Раскачивалась лампадка, на стене мелькали тени, он отступил на шаг, замер и так простоял, сам не зная сколько. И в этот момент в его душе что-то резко переменилось, как это случается с невзрослой душой. Точно расслышал давешний шепот своих губ или еще чей:
— Утешь ее.
Обернулся — в комнате было тихо, бабушка уже не отбивала поклоны, лежала на полу и не шевелилась. Он взял на руки ее сухое, легкое тело, отнес на кровать и просидел там до самого утра, пока не стало светать и не разгладилась острая, будто рана, складка на лбу.
После той ночи бабушка часто болела, перестала узнавать людей, сначала соседей, а потом и его самого.

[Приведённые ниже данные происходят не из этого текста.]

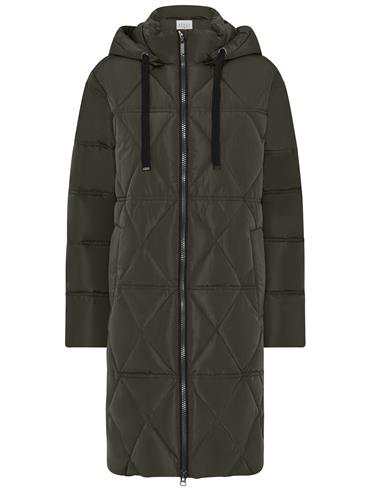 Lang quiltet jakke fra Etage. Jakken er quiltet i harlekinstern. Den har hætte med justerbar snøre samt to-vejs lynlås. Den har lommer i siden og er 100 cm. lang. Kvalitet: 100% genbrugspolyester Fyld: 100% genbrugspolyester

Целыми днями она лежала на кровати, устремив глаза в потолок, что-то шептала, и часто по ее щекам катились слезы. Через полтора года — бабушка так и не поправилась, а, казалось, уже не жила, но доживала покорно и безучастно до смерти — он закончил школу и остался работать в городе на пароме. Он жил очень замкнуто, ухаживал за бабушкой и все чаще стал думать о своих родителях. Адрес матери он узнал довольно скоро — она проживала в местечке Рыбном под Рязанью, но ни ехать к ней, ни писать он не решился.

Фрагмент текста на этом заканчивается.